Dieterle et al (2023)⁷ reported on the efficacy and safety of TECVAYLI administered at the recommended dosing schedule in patients (N=3) aged >80 years after ≥3 prior LOT. A case report of an octogenarian is summarized below.

• Disease characteristics: An elderly patient (80 years) presented with initial cervical pain and high lambda free serum light chains (FSLCs). The patient fulfilled 3 of 4 CRAB criteria (hypercalcemia, renal dysfunction, anemia, and bone lesions) and was diagnosed with multiple myeloma. Bone marrow biopsy revealed 80% plasma cell infiltration and unfavorable cytogenetics (t[11;14]; monosomy 13; CKS1B gene amplification in 1q21).
• Treatment: After an initial course of radiation, the patient received a first LOT of bortezomib-cyclophosphamide-dexamethasone (5 cycles), a second LOT of daratumumab-lenalidomide-dexamethasone (10 cycles), and a third LOT of daratumumab-pomalidomide-dexamethasone (6 cycles). Prior to TECVAYLI initiation, bridging therapy with cyclophosphamide and dexamethasone was administered to limit disease progression. At the age of 82 years, the patient received step-up doses of TECVAYLI subcutaneously (SC; day 1, 0.06 mg/kg; day 3, 0.3 mg/kg, and day 5, 1.5 mg/kg) in cycle 1. Subsequent TECVAYLI doses (1.5 mg/kg SC weekly) were administered in an outpatient setting.
• Response: The patient achieved complete remission (lambda FSLCs <0.5 mg/L, immunofixation negativity in serum and urine) 1 and 2 months after TECVAYLI initiation.
• Safety: Hematologic adverse events were reported as Grade 1 pancytopenia. No CRS or ICANS events were reported.

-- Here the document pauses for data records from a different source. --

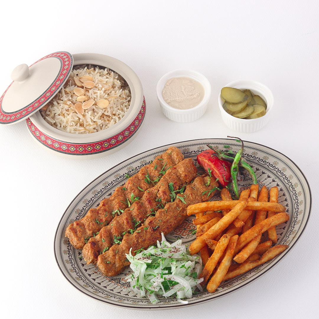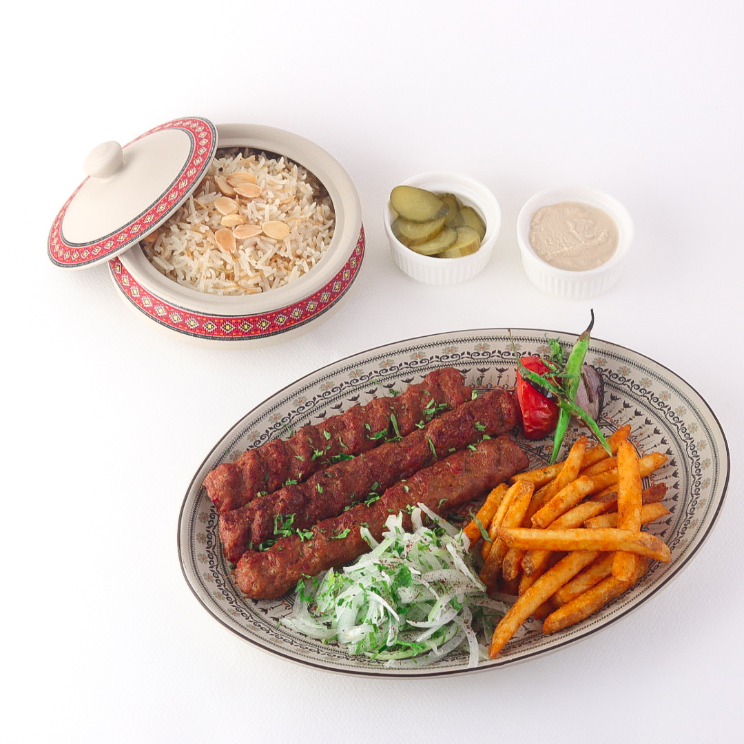 Beef Kebab – 3 skewers (300 grams), served with French fries, rice, and grilled vegetables.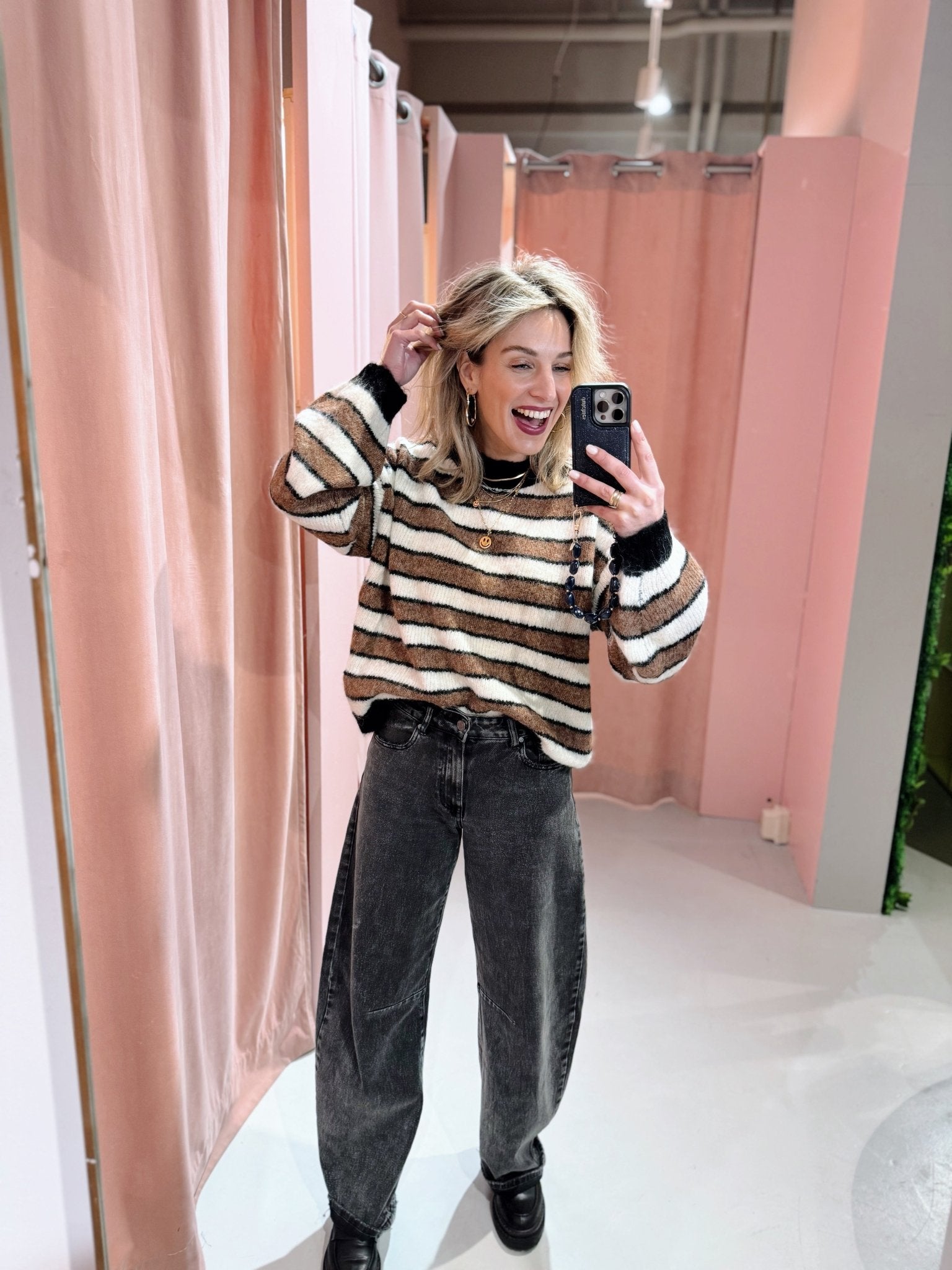 Jessica is 1,65m lang en draagt altijd maat S of S/M.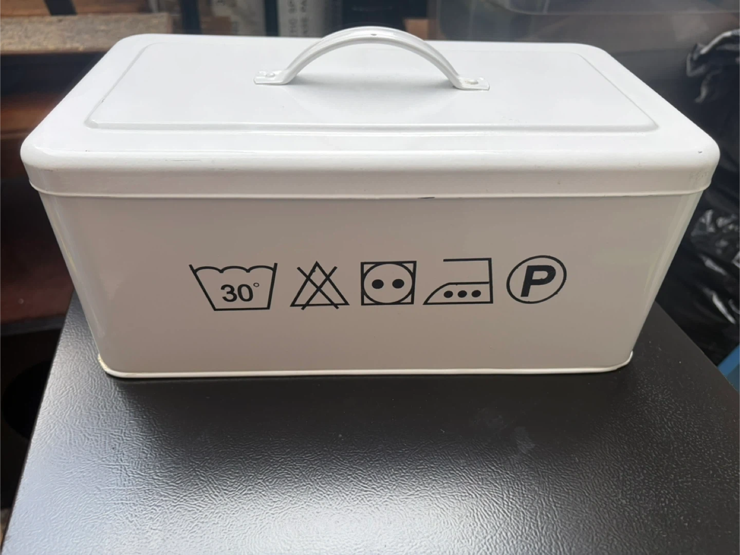 This is a white metal storage tin with a convenient handle. It features laundry care symbols on the side, indicating it's suitable for storing linens or laundry supplies. It's a durable option for keeping items organized.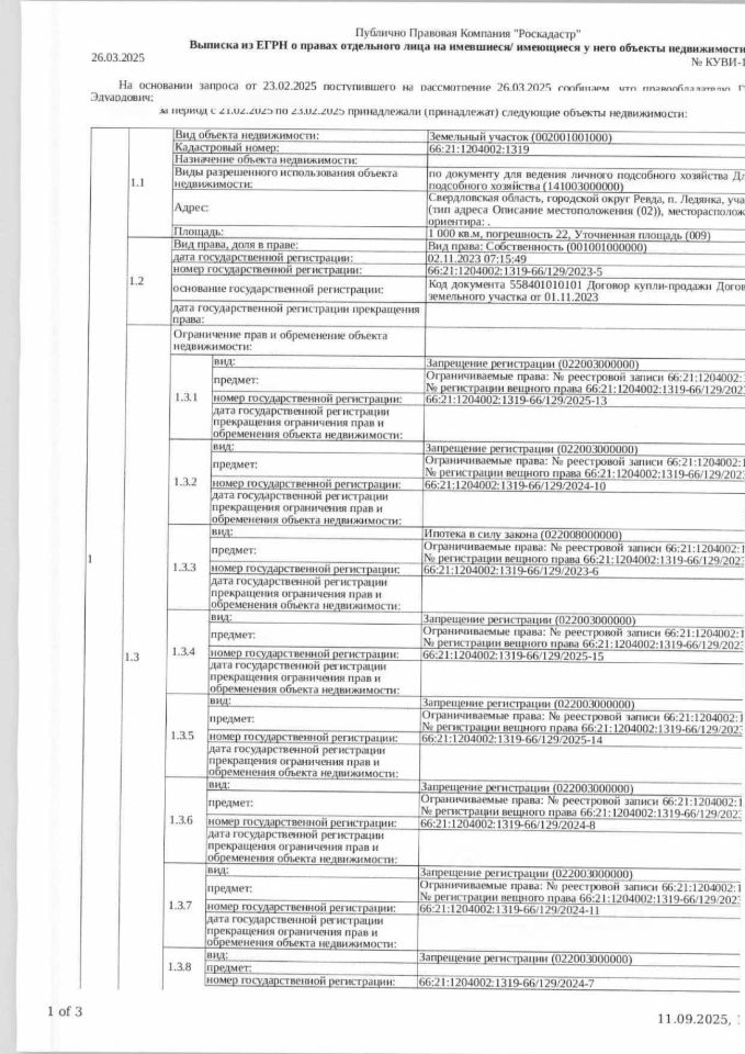 Должник: Гайнуллин В.Э., Собственник: Гайнуллин В.Э. Лот: Земельный участок (земли населенных пунктов, для ведения личного подсобного хозяйства), площадь 1000 кв.м., кадастровый номер: 66:21:1204002:1319, г. Ревда, п. Ледянка, уч. 933, н/ц: 159200 р, з-к: 159 р, код: 0014, рег. 47-2808/25

Two additional patients >80 years suffering from symptomatic RRMM after proteosome inhibitor, immunomodulatory agent, and anti-CD38 mAb therapy were treated with TECVAYLI. Data on disease characteristics, treatment duration, response, and safety are summarized in the Table: Detailed Patient Characteristics of Octogenarians Treated With TECVAYLI.⁹

Literature Search

A literature search of MEDLINE^®, Embase^®, BIOSIS Previews^®, and Derwent Drug File databases (and/or other resources, including internal/external databases) was conducted on 31 January 2025.